[Question]Retrieval with CategoricalCrossentropy really minimizing the affinity between the query and negative candidates?

tensorflow / recommenders

TensorFlow Recommenders is a library for building recommender system models using TensorFlow.

Apache License 2.0

1.82k stars 273 forks source link

[Question]Retrieval with CategoricalCrossentropy really minimizing the affinity between the query and negative candidates? #560

Open canonrock16 opened 1 year ago

canonrock16 commented 1 year ago

In tfrs.tasks.retireval document, retrieval task is explained like The main argument are pairs of query and candidate embeddings: the first row of query_embeddings denotes a query for which the candidate from the first row of candidate embeddings was selected by the user.The task will try to maximize the affinity of these query, candidate pairs while minimizing the affinity between the query and candidates belonging to other queries in the batch. The default loss function of tfrs.tasks.Retrieval is tf.keras.losses.CategoricalCrossentropy. But in CategoricalCrossentropy, the loss of label 0 candidate become 0.

So,

if I use CategoricalCrossentropy for retrieval loss function, the label 1 candidate will affect loss value and embeddings, but the label 0 candidate will not.Is that right?
if I set num_hard_negatives argument with CategoricalCrossentropy loss, the number of negative(label 0)candidates will decrease, but the loss value will not change.Is that right?

maciejkula commented 1 year ago

Yes, it is minimizing it. The cross-entropy loss works through two channels:

The affinity score between the query and the positive item is the numerator of the softmax, and is maximized.
The affinity score between the query and the negative item is in the denominator, and will be minimized.

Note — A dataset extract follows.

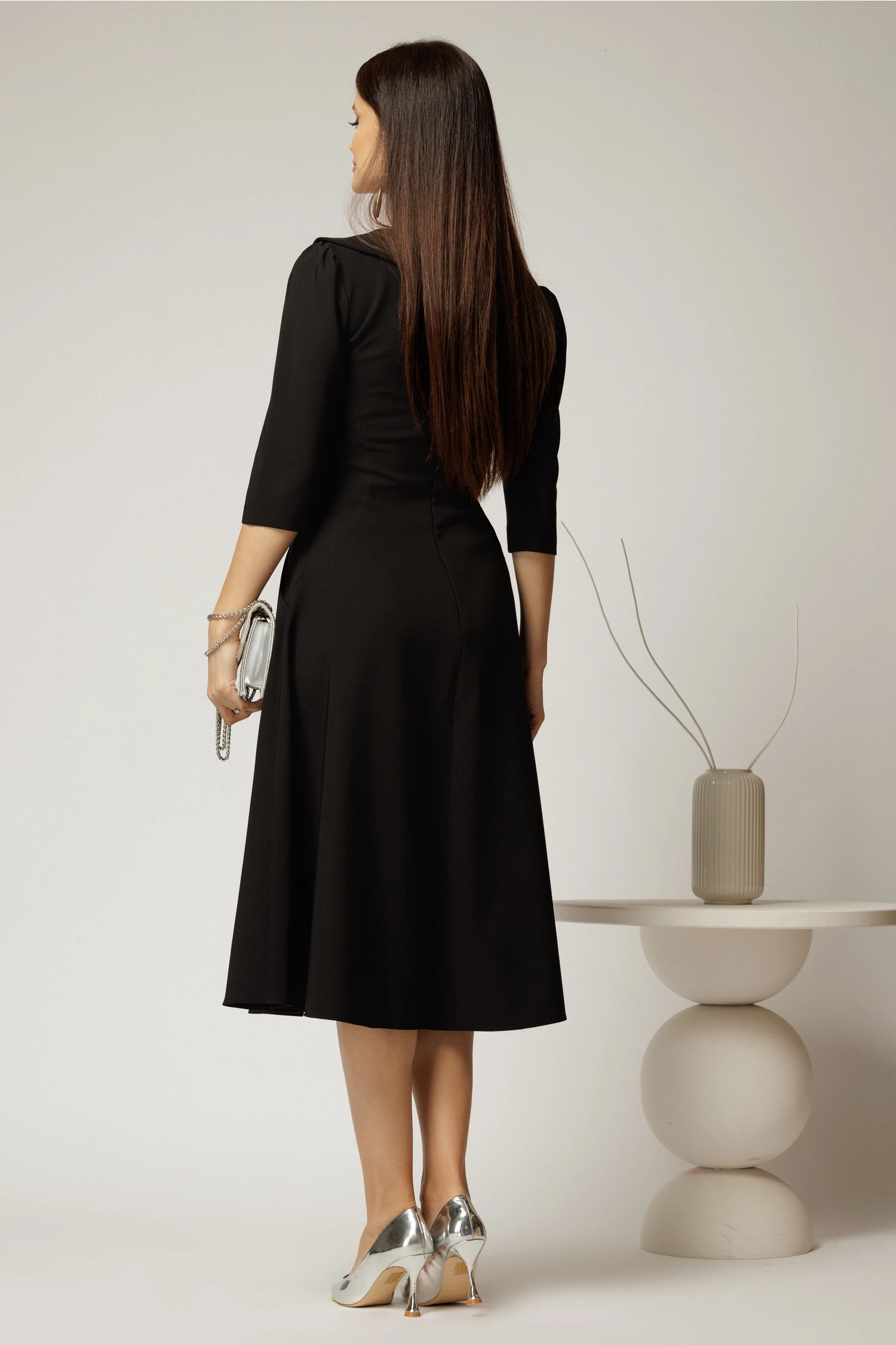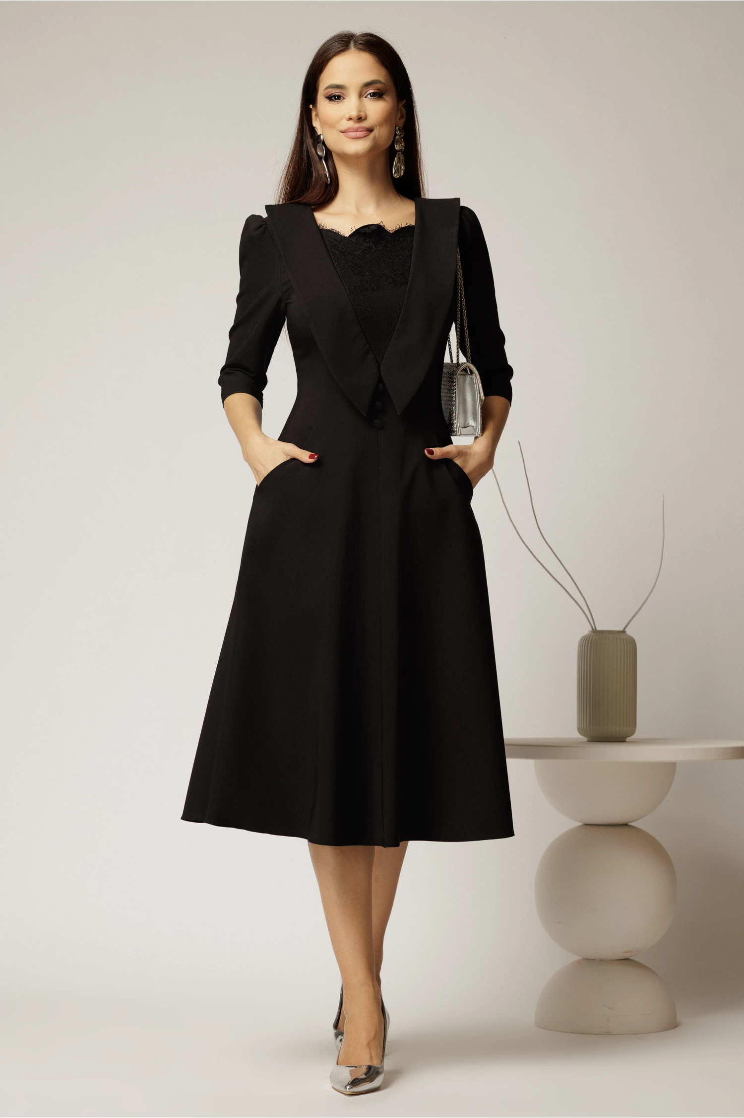 Este o rochie midi neagra de ocazie, cu insertii de dantela la bust si nasturi decorativi. Rochia are buzunare, croi in clini si nasturi decorativi.

OmarMAmin commented 1 year ago

@maciejkula Can you elaborate a bit more here? are we back propagating through negative items as well? so if a negative item is frequently selected with a user (i.e. in batch negatives is biased towards popular items) are these items get far away from the user representation after many epochs? or am i missing sth

Thanks

patrickorlando commented 1 year ago

@OmarMAmin, This is true in the case where a log(q) correction is not applied. It turns out that the bias introduced by using in-batch negative sampling can be accounted for by subtracting the natural logarithm of the candidate sampling probability from the output logits. This is implemented in Retrieval task through the call parameter candidate_sampling_probability.

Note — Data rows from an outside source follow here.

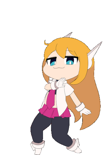 Saffron Smug, a cartoon girl with long orange hair, dances with a confident expression in this animated sticker.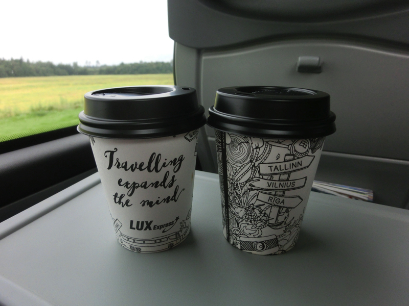 無事にバルト三国の最後、エストニア共和国に入国。Luxバスはロシアやベラルーシにも便があるが、この2か国とEU間の移動の際はパスポートチェックがちゃんとあるようです。機会があればいずれ。途中駅のParnuというところに着いたが、降りる人がさっと降りただけで特に休憩はなし。やっぱりそうか。再度走り出し、幹線道路に入ったころにバスのサービスであるコーヒータイムとしましょうか。こうした旅も、のんびりといいものです。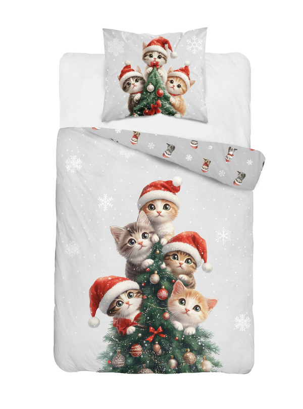 POŚCIEL ŚWIĄTECZNA 160x200 KOTKI CHOINKA 5867_A - KOD:2311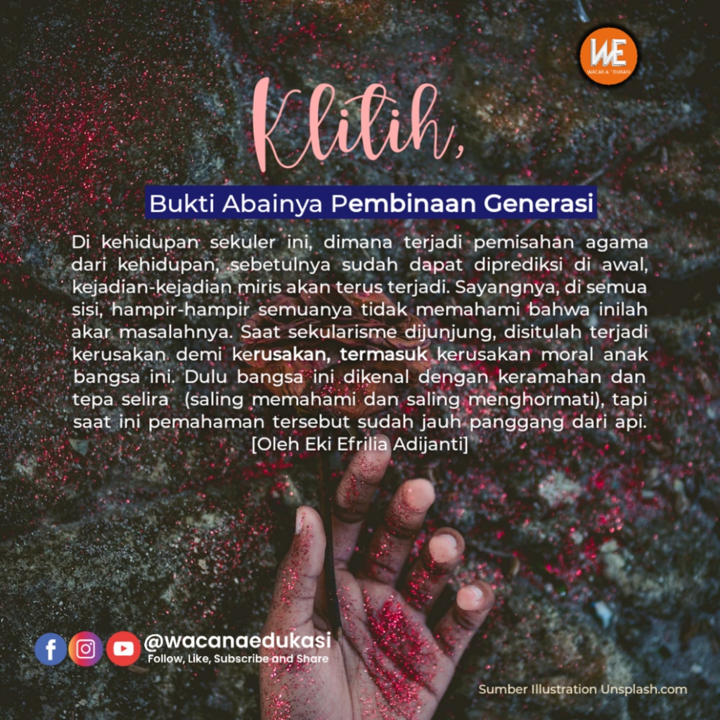 Sudah pasti ini merupakan keprihatinan bagi kita semua, bagaimana seharusnya para korban ini adalah pelanjut generasi, menerima ‘tongkat estafet’ perjuangan dari para pendahulu. Sayangnya, mereka meninggal sia-sia akibat kekejaman klitih.

You can read the theoretical details of sampled softmax loss in this paper.

There are also some useful discussions in this thread. https://github.com/tensorflow/recommenders/issues/257

OmarMAmin commented 1 year ago

@patrickorlando thanks for the info, tried using it and it performed better now with the sampling correction :))

Thanks for your invaluable contributions, without these discussions I would have switched to another library directly, will be summarizing the learnings here in another issue for others to benefit from it.

patrickorlando commented 1 year ago

I'm glad I could help @OmarMAmin 😁

That sounds like a great idea.